Infinitesimal Generator Learning

Learning the Infinitesimal Generator (IG) of Continuous-Time Markov Processes

📄 Laplace transform based low-complexity learning of continuous Markov semigroups
Vladimir R. Kostic, Karim Lounici, Hélène Halconruy, Timothée Devergne, Pietro Novelli, and Massimiliano Pontil
2025 International Conference on Machine Learning

📄 Learning the infinitesimal generator of stochastic diffusion processes
Vladimir Kostic, Hélène Halconruy, Timothée Devergne, Karim Lounici, and Massimiliano Pontil
Advances in Neural Information Processing Systems, 37:137806--137846, 2024

In modeling continuous-time stochastic systems—such as Langevin dynamics—data are typically collected at discrete time intervals $\Delta t$. Although the ultimate goal is to recover the eigenfunctions of the infinitesimal generator $L$, which capture the system’s essential dynamics, researchers often estimate the associated Koopman (or transfer) operator $A_{\Delta t} = e^{\Delta t L}$ instead. This operator shares the same eigenfunctions as $L$, but is simpler to estimate and analyze using standard operator learning methods. However, these methods break down as $\Delta t \to 0$, a regime often required in molecular dynamics to observe fast transient events. In this regime, the spectral gap of $A_{\Delta t}$ collapses: $ gap_i(A_{\Delta t}) \approx \Delta t\, gap_i(L) \to 0$ as $\Delta t \to 0$, even though $gap_i(L) > 0$, which severely degrades the accuracy of spectral estimation. This presents a core challenge: fine time resolution (small $\Delta t$) is needed for modeling fast events, but it undermines the ability to recover meaningful dynamics via $A_{\Delta t}$.
\textbf{Contribution:} To overcome this, we aim to recover $L$, as it governs the underlying continuous dynamics and is independent of $\Delta t$. However, since $L$ is an unbounded operator, direct estimation is challenging. Instead, we estimate its resolvent $\mathcal{R}_\mu = (\mu I - L)^{-1}$ (for some arbitrary complex $\mu$), a bounded—and in many important cases, compact—operator, which shares the same eigenfunctions as $L$.

We propose two approaches:

1. Laplace Reduced Rank Regression (LaRRR). A model-agnostic method based on the Laplace representation

\[\mathcal{R}_\mu = \int_0^\infty A_t e^{-\mu t} dt.\]

We propose a numerical approximation of the Laplace representation as a weighted sum of RRR estimators of $A_{j\, \Delta t}$, $j\in [J]$ for some $J$ where $A_{ t} f(x) = \mathbb{E}[f(X_{t}) \mid X_0 = x]$ for any function $f \in L^2_{\pi}$. This method is broadly applicable to a large class of processes beyong the self-adjoint case.

2. Physics-Informed Learning via Dirichlet Forms.
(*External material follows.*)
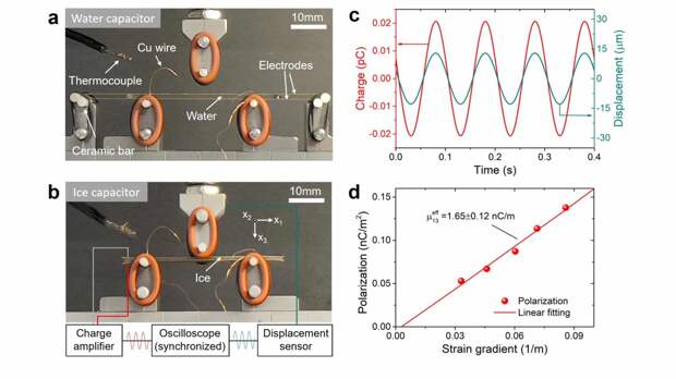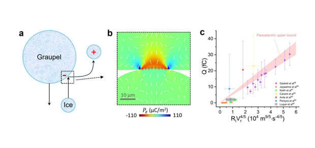 Лед между листами золота — это конденсатор, его можно включить в электрическую цепь и измерять в ней параметры всех токов. Несмотря на кажущуюся простоту, работа над изучением и описанием открытия флексоэлектрического и сегнетоэлектрического эффектов во льду заняла около трех лет. Первый препринт статьи появился в декабре 2022 года, а рецензирование она прошла лишь летом 2025-го. Среди авторов — испанские, американские и китайские физики, сотрудники Каталанского института нанонаук и нанотехнологий, Сианьского университета Цзяотун, а также Университета штата Нью-Йорк в Стони-Бруке. Фазовая диаграмма водяного льда представляет собой настоящий Клондайк для физика. Этот удивительный материал демонстрирует все новые и новые свойства при самых разных комбинациях температур и давлений. Не считая всем знакомого льда Ih, самой распространенной его формы на земле, существует не менее двух десятков его структурных разновидностей (фаз). Тем примечательнее, что в новой научной работе использовался лед Ih, вроде бы изученный вдоль и поперек. Флексоэлектрический эффект — это поляризация диэлектрика при его неоднородной деформации (изгибе). Не стоит путать его с пьезоэлектрическим эффектом — поляризацией строго определенным образом организованных кристаллов диэлектриков при деформации, — это разные явления. У льда Ih флексоэлектрический эффект экспериментально выявлен впервые. Он проявлялся от криогенных температур до нуля. По флексоэлектрическим характеристикам лед оказался близок к керамикам, которые используются в сенсорах на основе этого эффекта. Механизм «самозаряда» грозового облака. Мелкая льдинка сталкивается с более крупной (a), возникающая деформация провоцирует флексоэлектрический эффект, поляризация в результате которого показана на панели b. Панель c — сравнение измеренных параметров поляризации в грозовых облаках (разные исследования) с теми данными, которые получаются в результате симуляции такого облака с учетом флексоэлектрического эффекта / © Wen, X., Ma, Q., Mannino, A. et al. Flexoelectricity and surface ferroelectricity of water ice. Nat. Phys. (2025). https://doi.org/10.1038/s41567-025-02995-6 Кроме того, во время своих опытов ученые отметили фазовый переход на поверхности ледяного конденсатора, происходящий около отметки в 160 кельвин (минус 113 градусов Цельсия). Он проявил характерные для льда XI сегнетоэлектрические свойства — в нем произошла спонтанная поляризация, ориентацию которой можно было изменить приложением внешнего электрического поля. Какие новые практические применения могут быть у льда в свете его недавно обнаруженных флексоэлектрических свойств, ученые пока не задумывались. Но в одном это открытие точно здорово помогает всем физикам: теперь яснее становятся механизмы возникновения электрических зарядов в облаках. По мнению авторов научной работы, добавление в модели грозовых туч флексоэлектричества льдинок сделает их точнее и ближе к реальности. Но пока эту мысль они проверили только в первом приближении.

For time-reversible diffusions with an associated Dirichlet form, we exploit this structure to define a training loss that reflects the underlying physics. When the Dirichlet form is known up to a set of parameters, we propose an efficient estimate from data. This approach leads to faster convergence compared to the agnostic LaRRR method, though it is limited to cases where the generator is self-adjoint and does not scale well to very large systems.

*Comparison of our IG learning approach (LaRRR) to the Tranfer Operator (TO) RRR on the task of estimating the slowest timescales (eigenvalues) of the process.* As predicted by our theory, while LaRRR (blue) is not affected by decreasing the time-lag $\Delta t$, the error of TO method (red) explodes as $\Delta {t}\to0$. The main figure shows three quartiles of relative error for $\lambda_2$ across 10 independent trajectories of a 1D Langevin process on a triple-well potential, while the inset figure shows distributions for the leading three eigenvalues for $\Delta t=0.005$.